About Our Approach
What do you mean by data-driven design?
We bring a mix of design thinking and data science to all of our projects. We combine these principles with flexibility in our choice of research methods, tools and frameworks.
What is complexity?
Complexity theory, specifically complex adaptive systems theory, is a very useful framework to analyze highly connected systems. Simple cause and effect frameworks can’t solve problems impacted by underlying conditions like climate change, government policy, cultural divides, or media fragmentation. Complexity gives us a vocabulary and tools to frame problems in the context of systems, understand why simple fixes often fail, and design more effective solutions. We apply principles of complexity to improve the way people share ideas and work together.
Why did you build a technology platform?
When we came up with the idea for Thicket Labs to focus on solving complex social problems, we knew existing social science-based research and design tools were not robust enough to serve our needs. We needed to be able to quickly understand a complex system, analyze the system’s ability to adapt to different conditions, and provide a space for multiple stakeholders to express their opinions without being ignored or disregarded. And we needed to be able to do all of these things quickly, efficiently, and at scale. When we discovered fuzzy cognitive mapping, the model fell into place. We built Thicket's technology platform to power our complex problem solving process. Thicket is a collaborative intelligence technology platform that specializes in mapping and modeling people problems. Thicket powers Thicket Lab's projects, but is also a standalone SaaS product for companies and organizations to use to manage their own complex networks. Get in touch to learn more.
What is fuzzy cognitive mapping?
Thicket developed our initial technology capabilities using a methodology called fuzzy cognitive mapping. First proposed in 1985 by Bart Kosko of USC, fuzzy cognitive maps are a mashup of two frameworks: cognitive maps and fuzzy logic. Cognitive maps, also called mental maps or conceptual maps, were first identified by early behavioral psychologist Edward Tolman in 1948 to explain how people (well, rats, actually) understand and remember spatial environments. Cognitive maps are now used across a wide variety of fields as a tool for people to express how they think about any environment, socially constructed or physically located. Cognitive maps are recorded as visual drawings using circles to document concepts and lines and arrows to show how those concepts relate to each other. Fuzzy logic is a branch of mathematics that accommodates approximate answers rather than forcing a precise result. Fuzzy logic can handle situations in which we don’t know all the variables at play, or a system in which there are multiple truths, not only a single truth. This makes fuzzy logic ideal for managing complex information systems in which we need to analyze factors leading to multiple possible outcomes. By combining individual cognitive maps using fuzzy logic, we can build a picture of a complex system — a picture that is far richer than any single person’s powers of observation can reveal. This is how we map complex social systems.

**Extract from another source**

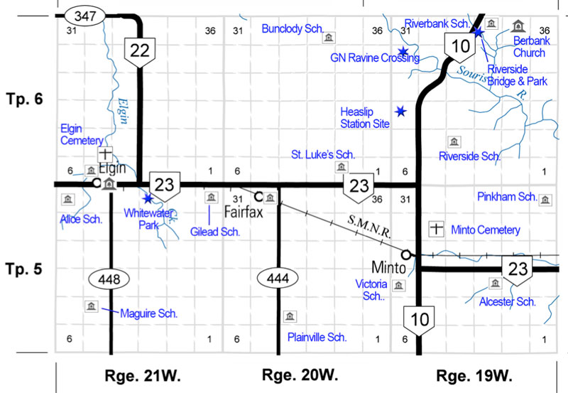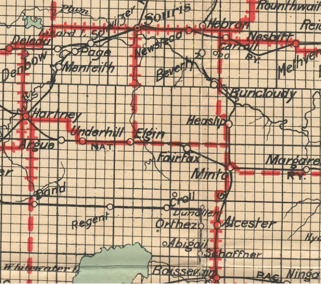 Bunclody and ran just west of Minto. Highway 21 was in place.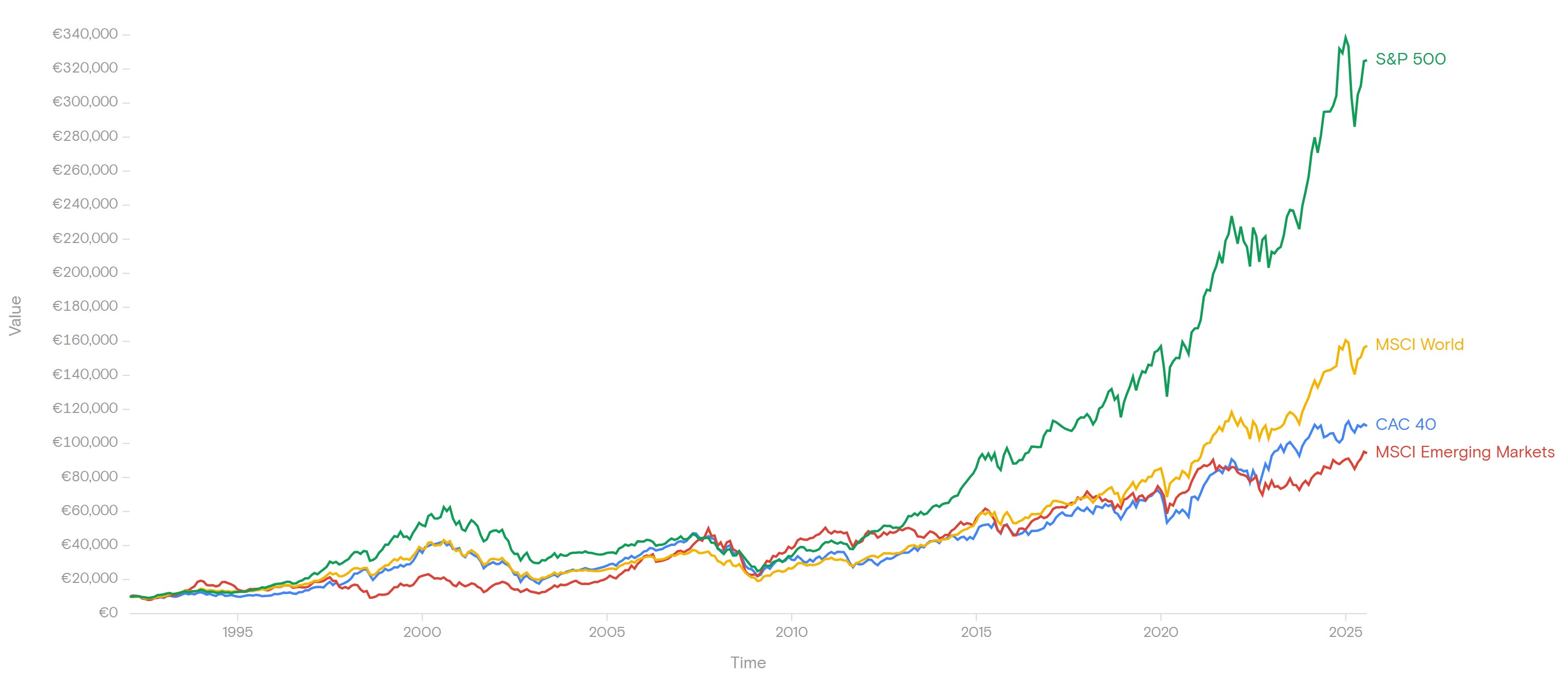 J’ai ajouté le graphique pour montrer les mauvaises performances des marchés émergents. L’argument selon lequel ils « émergeront dans les cinq prochaines années » est utilisé depuis des décennies, mais ils restent toujours moins performants.

How do you analyze a fuzzy cognitive map?
When we integrate individual cognitive maps using fuzzy logic, the result is a map so complex that visually, it means very little to the human eye. In order to make sense of it, we have to analyze it using several different methods. We can use network analysis to understand properties about the system, such as how it’s shaped, whether there are areas where there is a concentration of relationships, and more. These properties can tell us much about how the system behaves at the macro level. We can use data modeling to run scenarios to see how the system may respond or adapt to a specific situation. By changing variables within the system, we can model hypothetical decisions and evaluate how those decisions will be received. We are exploring how to apply these different methods, and what the results mean in the context of social systems specifically.